WHAT IS REQUIRED:
In this exercise, return the whole listing exactly, excluding any images.

□ □ □

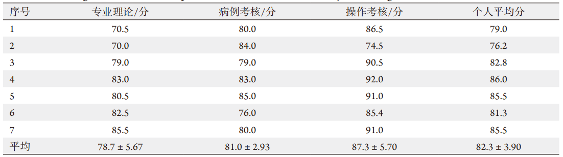 各考核项目满分为100分,及格线为70分;另有2名学员因执业医师资格考试未通过而未能参加结业考试。
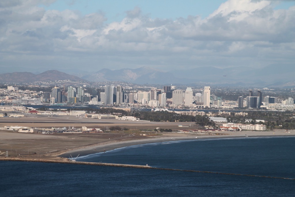 Het uitzicht vanaf de vuurtoren is mooi. In de verte zie je de skyline van San Diego.
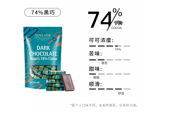 产品规格:约110颗,可可浓度74%,口感微苦不涩,细腻柔滑,口味香醇,适合刚吃黑巧的消费者。
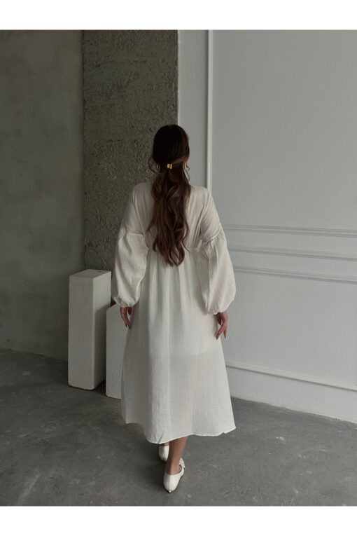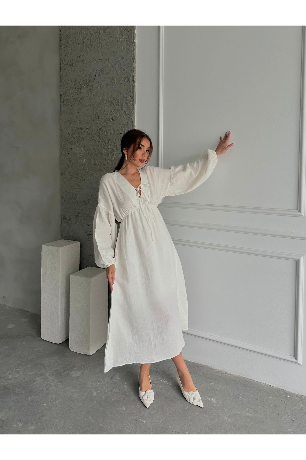 gmbutikk BEYAZ UZUN KOLLU BAĞCIK DETAYLI ELBİSE UZUN ELBİSE
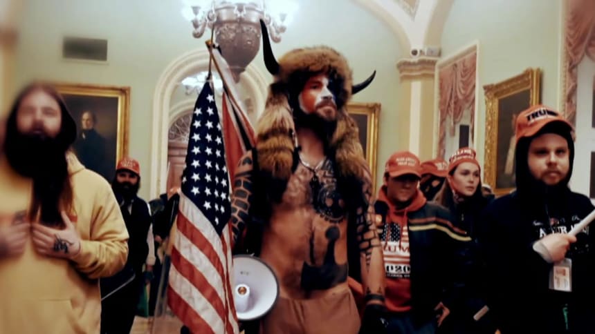 Photo illustration showing protestors storming the U.S. Capitol in the background with a red strip in the middle that has the faces of Xi Jinping, Vladimir Putin and Kim Jong Un.
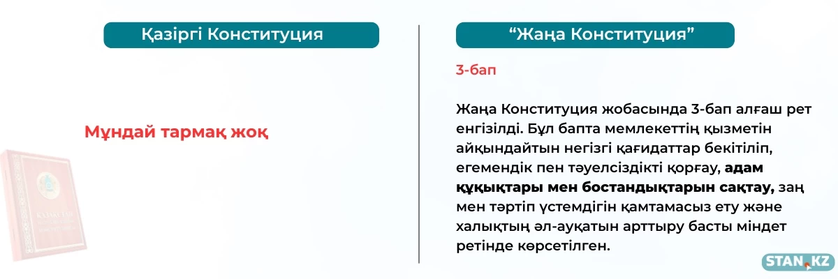 Жаңа Конституция жобасында алғаш рет 3-бап енгізілген. Онда мемлекеттің қызметін айқындайтын негізгі қағидаттар бекітіледі. Атап айтқанда:
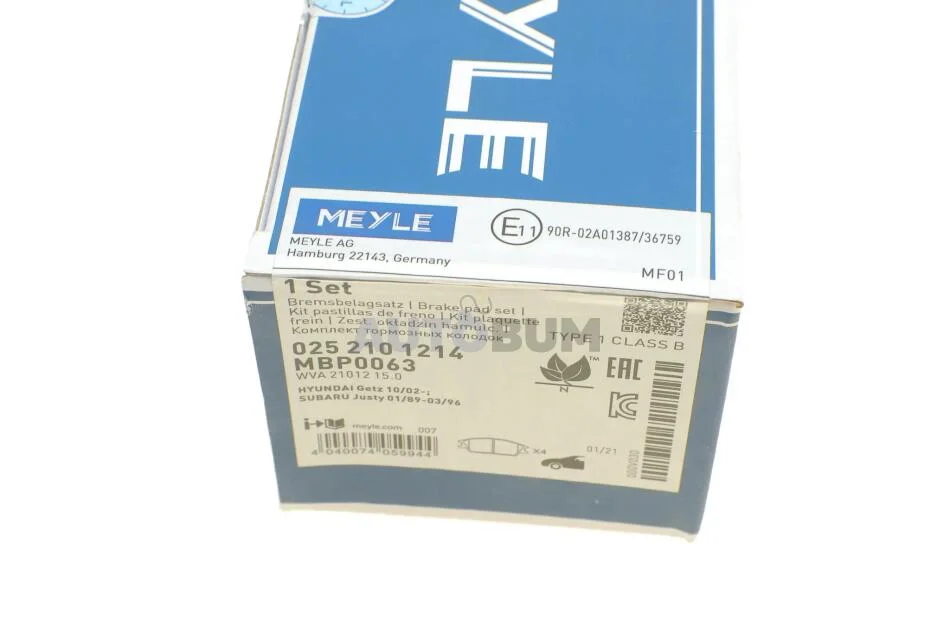 Комплект гальмівних колодок MEYLE 025 210 1214

□ □ □

RESULT OF THE TASK:
 各考核项目满分为100分,及格线为70分;另有2名学员因执业医师资格考试未通过而未能参加结业考试。
 Het uitzicht vanaf de vuurtoren is mooi. In de verte zie je de skyline van San Diego.
 产品规格:约110颗,可可浓度74%,口感微苦不涩,细腻柔滑,口味香醇,适合刚吃黑巧的消费者。
 gmbutikk BEYAZ UZUN KOLLU BAĞCIK DETAYLI ELBİSE UZUN ELBİSE
 Photo illustration showing protestors storming the U.S. Capitol in the background with a red strip in the middle that has the faces of Xi Jinping, Vladimir Putin and Kim Jong Un.
 Жаңа Конституция жобасында алғаш рет 3-бап енгізілген. Онда мемлекеттің қызметін айқындайтын негізгі қағидаттар бекітіледі. Атап айтқанда:
 Комплект гальмівних колодок MEYLE 025 210 1214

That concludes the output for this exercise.